**REQUIRED ACTION:** Only one stretch of the data should be retyped: the lines from the line containing "Lo staff propone" through the line containing "こちらは「ねこの手会」(=市". Keep pictures out of it.

══ SOURCE MATERIAL ══

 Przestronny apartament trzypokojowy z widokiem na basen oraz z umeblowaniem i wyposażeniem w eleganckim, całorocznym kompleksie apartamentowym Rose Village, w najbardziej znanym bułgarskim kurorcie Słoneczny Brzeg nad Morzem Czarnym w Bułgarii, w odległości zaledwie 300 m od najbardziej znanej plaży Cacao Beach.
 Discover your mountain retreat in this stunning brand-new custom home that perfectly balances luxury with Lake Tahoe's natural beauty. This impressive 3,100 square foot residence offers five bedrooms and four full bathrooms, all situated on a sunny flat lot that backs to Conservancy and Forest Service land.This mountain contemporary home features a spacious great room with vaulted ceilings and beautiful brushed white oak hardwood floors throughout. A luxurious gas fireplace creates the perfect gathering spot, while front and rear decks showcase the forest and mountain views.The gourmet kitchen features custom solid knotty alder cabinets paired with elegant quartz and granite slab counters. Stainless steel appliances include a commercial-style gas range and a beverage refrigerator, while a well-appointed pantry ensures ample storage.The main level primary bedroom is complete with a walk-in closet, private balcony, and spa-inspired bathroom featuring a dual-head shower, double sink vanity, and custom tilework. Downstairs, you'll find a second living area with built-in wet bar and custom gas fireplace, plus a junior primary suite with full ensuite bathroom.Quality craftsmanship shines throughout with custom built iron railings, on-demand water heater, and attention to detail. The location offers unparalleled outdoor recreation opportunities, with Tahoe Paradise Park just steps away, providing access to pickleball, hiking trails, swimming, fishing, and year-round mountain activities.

═══
══ SOURCE MATERIAL ══

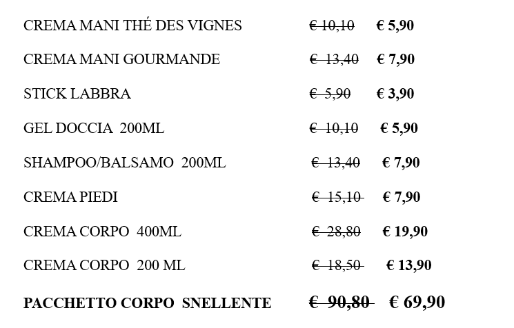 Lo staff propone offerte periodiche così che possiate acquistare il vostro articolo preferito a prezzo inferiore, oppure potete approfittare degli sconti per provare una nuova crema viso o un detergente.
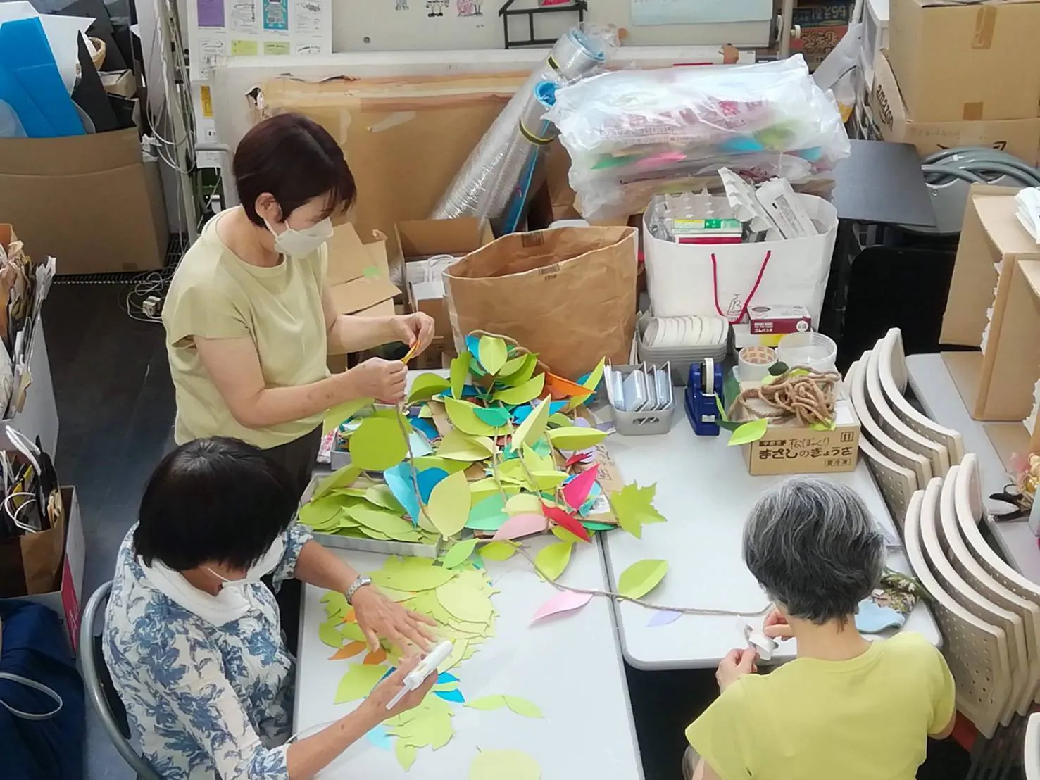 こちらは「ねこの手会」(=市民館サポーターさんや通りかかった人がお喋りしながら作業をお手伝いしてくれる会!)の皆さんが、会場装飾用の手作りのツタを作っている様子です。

═══
══ SOURCE MATERIAL ══

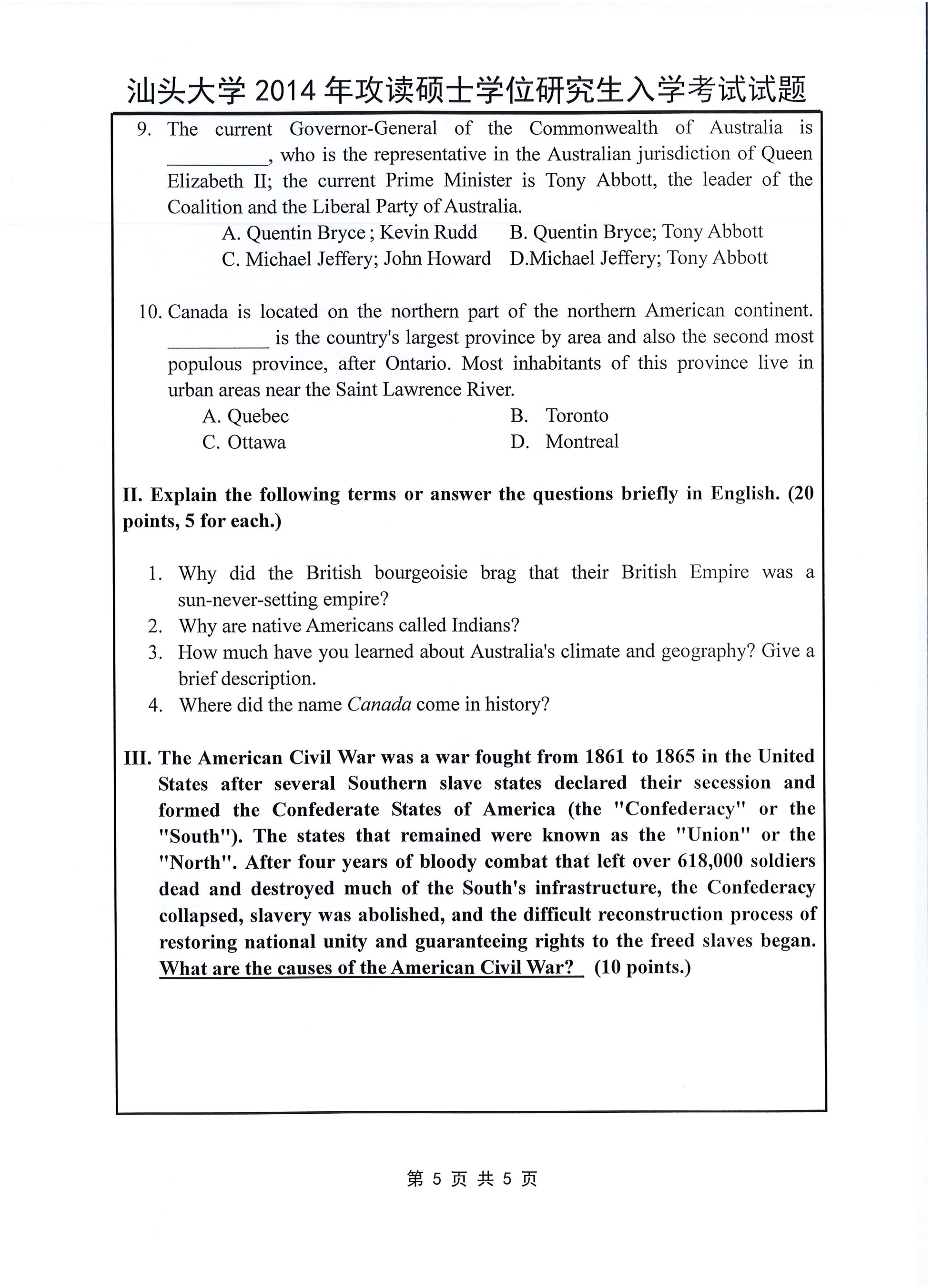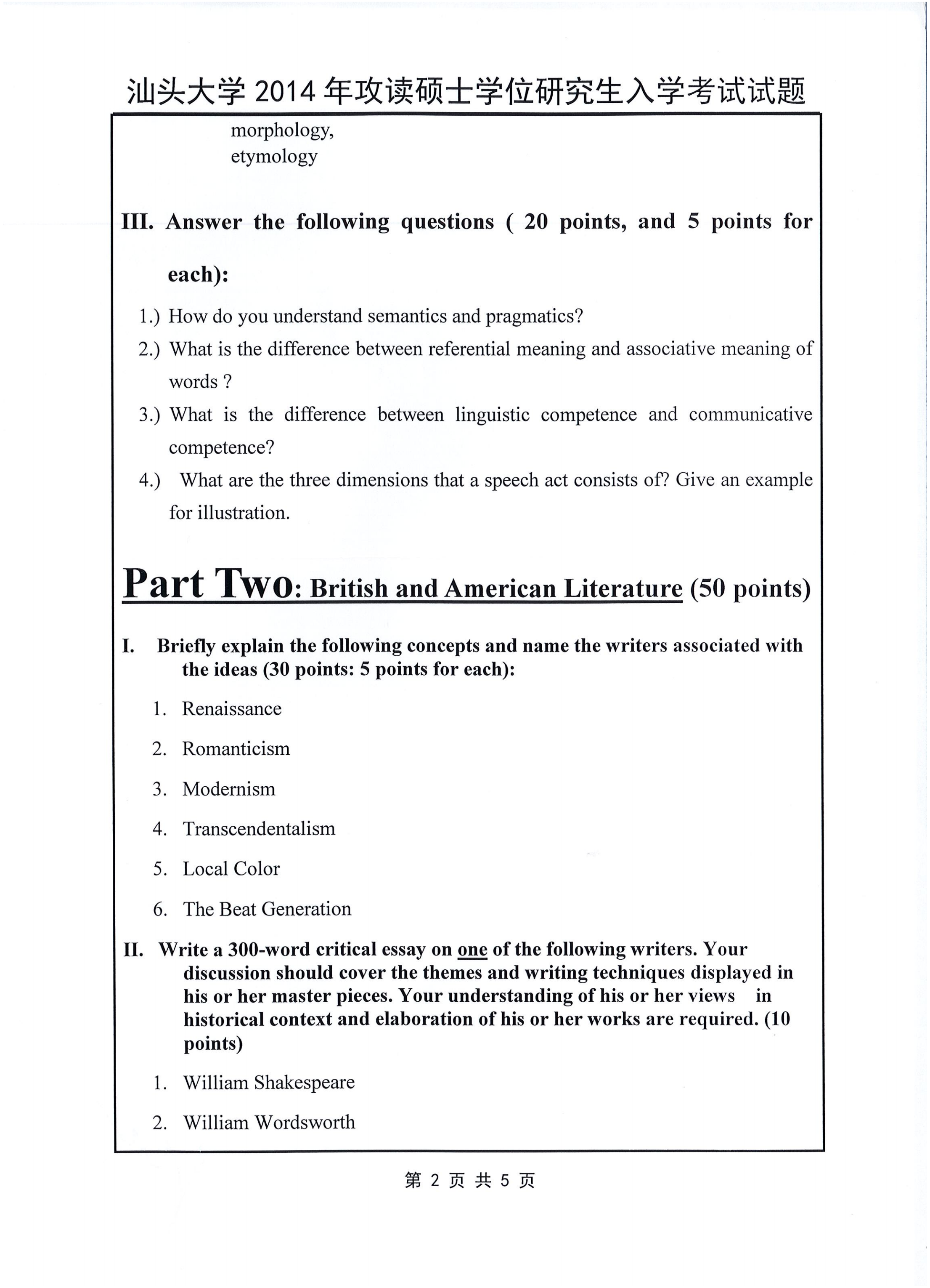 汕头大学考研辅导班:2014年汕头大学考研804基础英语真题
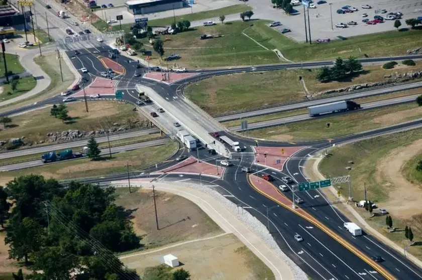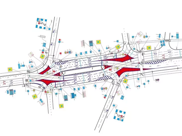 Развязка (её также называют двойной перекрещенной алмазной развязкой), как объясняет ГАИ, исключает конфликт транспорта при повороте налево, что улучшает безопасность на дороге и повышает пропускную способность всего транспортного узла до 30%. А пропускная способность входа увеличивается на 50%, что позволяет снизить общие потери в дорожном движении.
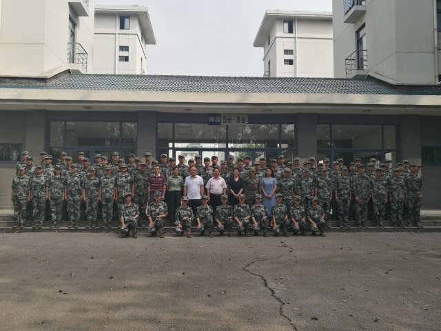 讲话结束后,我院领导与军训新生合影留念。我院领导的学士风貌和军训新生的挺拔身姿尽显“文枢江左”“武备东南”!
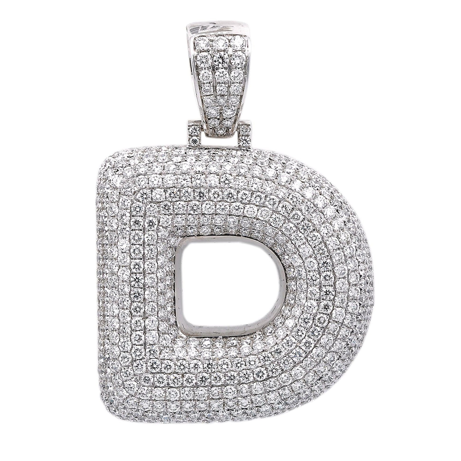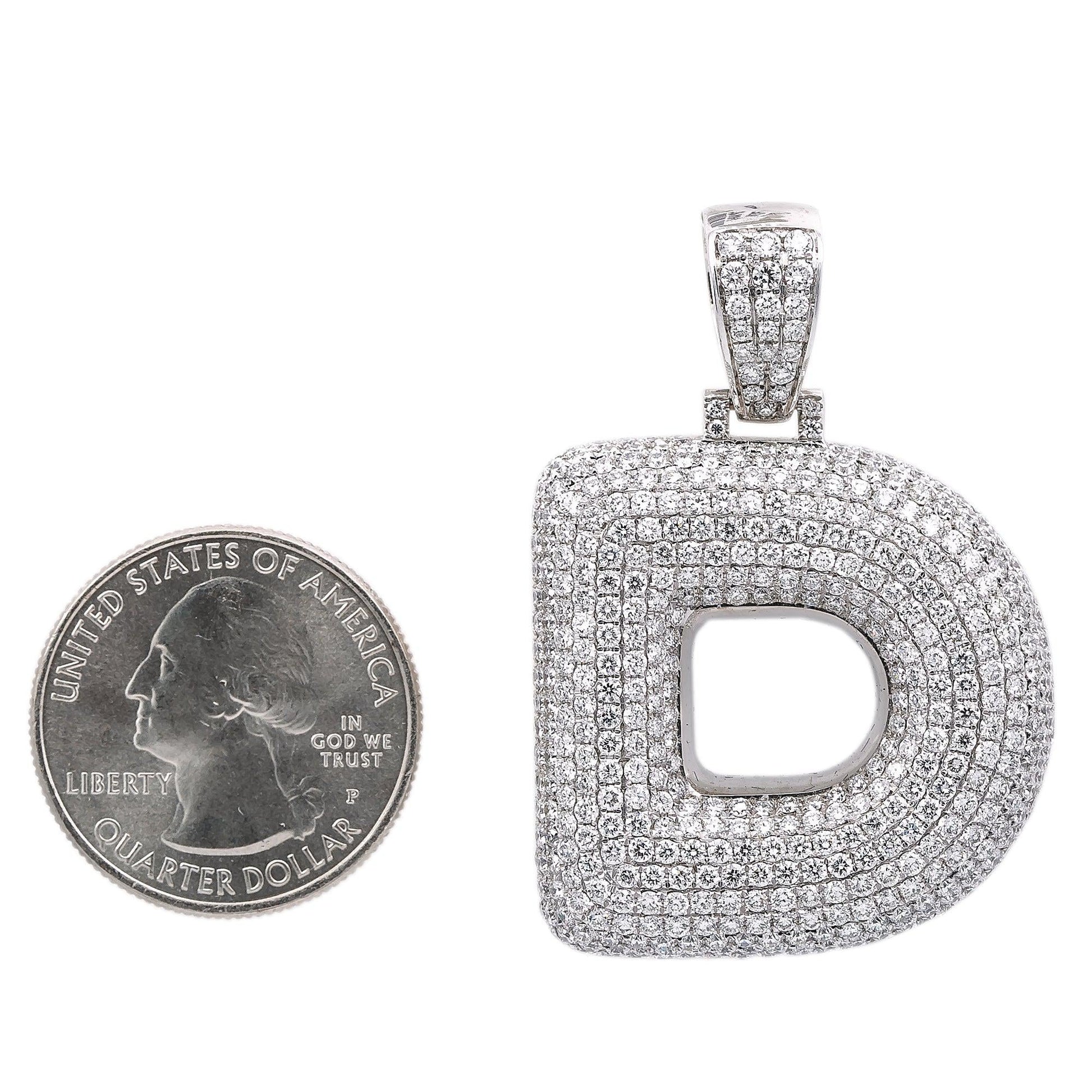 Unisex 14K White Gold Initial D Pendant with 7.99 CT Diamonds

═══

**SOLUTION FOR THIS PROBLEM:**
 Lo staff propone offerte periodiche così che possiate acquistare il vostro articolo preferito a prezzo inferiore, oppure potete approfittare degli sconti per provare una nuova crema viso o un detergente.
 こちらは「ねこの手会」(=市民館サポーターさんや通りかかった人がお喋りしながら作業をお手伝いしてくれる会!)の皆さんが、会場装飾用の手作りのツタを作っている様子です。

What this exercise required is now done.